Since the pandemic quarter, the labour force has inched closer to the size it was before Covid-19, but job recovery has proven more elusive. This is despite economic recovery. In the first quarter of this year, the size of the economy returned to pre-Covid levels, with real GDP slightly higher than what it was before the pandemic.
Pienaar noted that the lag in employment, compared with GDP recovery, is partly the result of continued economic uncertainty among investors.
“Companies have seen demand coming back for their goods, but how sustainable is it given the shocks we have seen the last couple of years? So I think that they have kind of waited to see whether we have a sustainable environment here before employing more people … The economy will probably need to grow for consecutive years of 3% plus before we really see employment growing.”
Magic bullet
Haroon Bhorat, professor of economics and director of the Development Policy Research Unit at the University of Cape Town, pointed out that South Africa’s employment elasticity — the percentage change in employment associated with a 1% increase in GDP — is not unusually low.
For a 1% increase in GDP, there is about a 0.7% increase in employment. “That turns out not to be that bad compared to other middle-income countries,” Bhorat noted.
But South Africa’s unemployment rate is significantly higher compared with these countries, including Costa Rica, Columbia and Brazil. The key reason for this, Bhorat said, is that the rates of informality in these countries are far higher.
“The reason we have very high rates of unemployment is not principally due to the standard constraints on economic growth, which we regularly consider in policy debates — but rather due to the fact that we have a very low proportion of the labour force in the informal sector. South Africa’s rate of informality is one of the lowest in a sample of comparator economies.”

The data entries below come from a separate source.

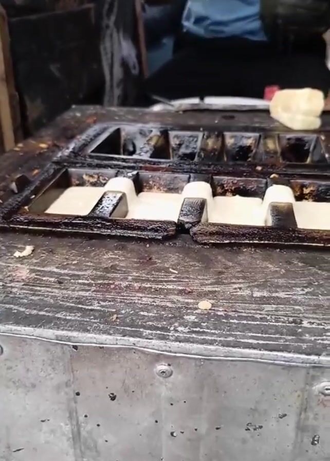 In a close-up shot, a person is seen pouring a white, viscous batter from a white container into a dark, rectangular mold with several sections. The mold sits on top of a metal container with visible rivets and discoloration. The person pouring the batter is wearing a blue shirt, and a portion of another person's arm is visible in the background. The setting appears to be outdoors.
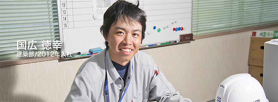 工業系の高校を卒業して入社、早くも六年が経過しようとしています。私たちは施工管理を主にしていますが、先輩方の職人魂には時に圧倒されることもあります。みんなプライドを持って仕事をしている。私の仕事は現場所長の補佐、しかし責任はあります。体育施設の工事でも、協力会社の取りまとめ役の指示を受けました。建築の仕事って、協力会社の職人さんがそれぞれ受け持った部署でベストを尽くさないと良いものが造れない。だから苦労もあったけど、完成した時の達成感は何ものにも代えることが出来ない。職人さんにも色々教えてもらいました。先輩方は聞けば嫌な顔をせず、いろいろ教えてくれます。でも今の目標は、早く一人前の現場監督になること、そして、新入社員に仕事の心構えや手順を教えることが出来たらと思っています。
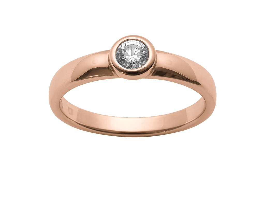 Zásnubní prsten z růžového zlata AU 585/1000 zdobený briliantem.
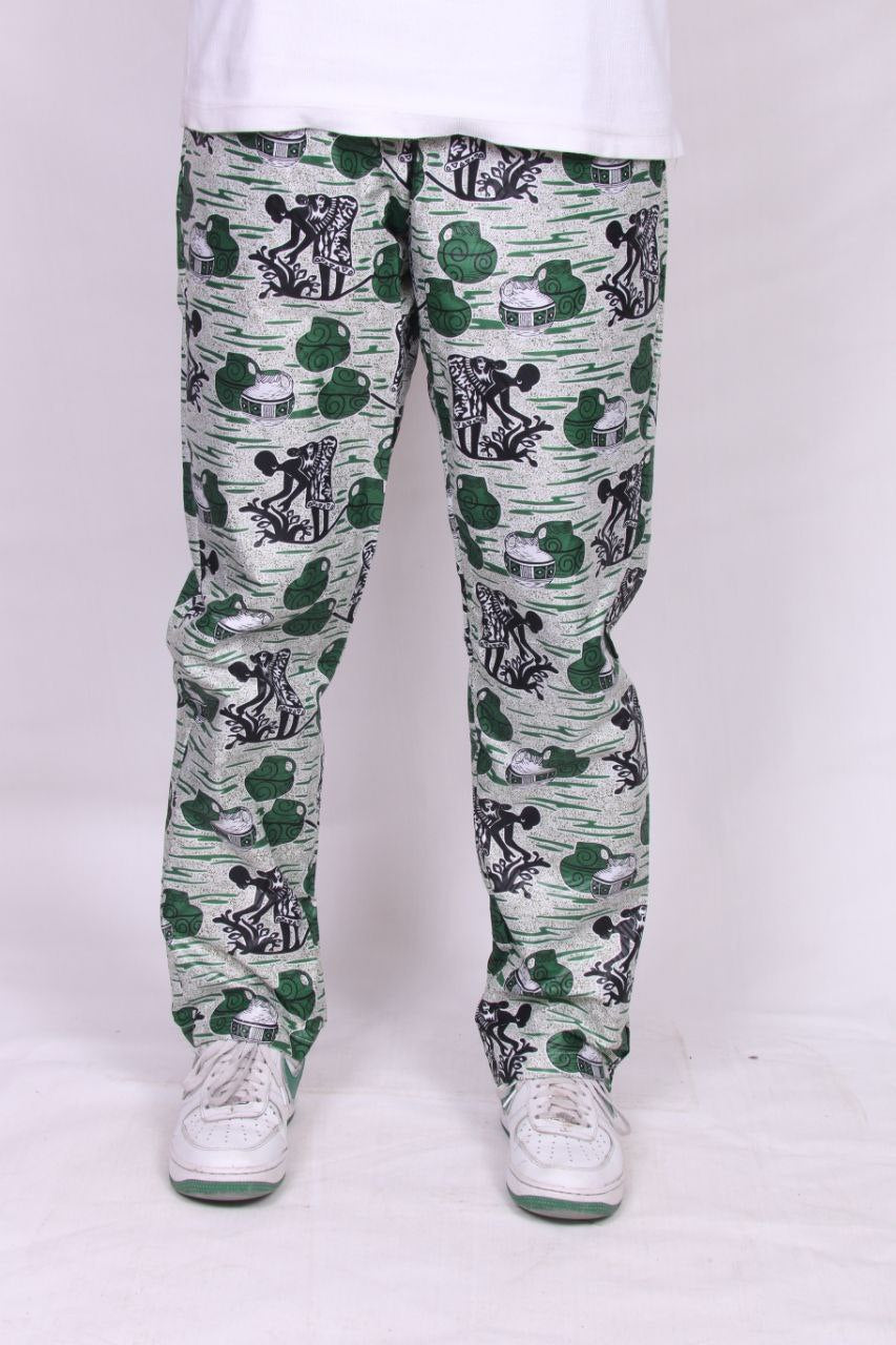 Oversized pants with two front pockets, one back pocket, an adjustable waistband with a drawstring, and a tag detail.

For this reason, reducing the barriers to entry into the informal sector will dramatically reduce the unemployment rate, Bhorat said.
Policy interventions to boost employment, in both the formal and informal sectors, will take time.
“You have to at least not discourage labour-intensive economic growth. Because that is going to give you larger numbers of formal-sector employment, which is very important to structurally transform the economy,” Bhorat said.
“But in the interim — while you try and do that, and encourage investment, keep the exchange rate stable and lower interest rates and create incentives and so on — you better make sure you’re not you’re not dissuading, or violent discouraging, the vulnerable from finding some piece of the economic pie through the informal sector.
“We are clearly not thinking creatively about encouraging the informal sector in South Africa. Growing the informal sector is the closest we have to a magic bullet to reducing our unemployment rates.”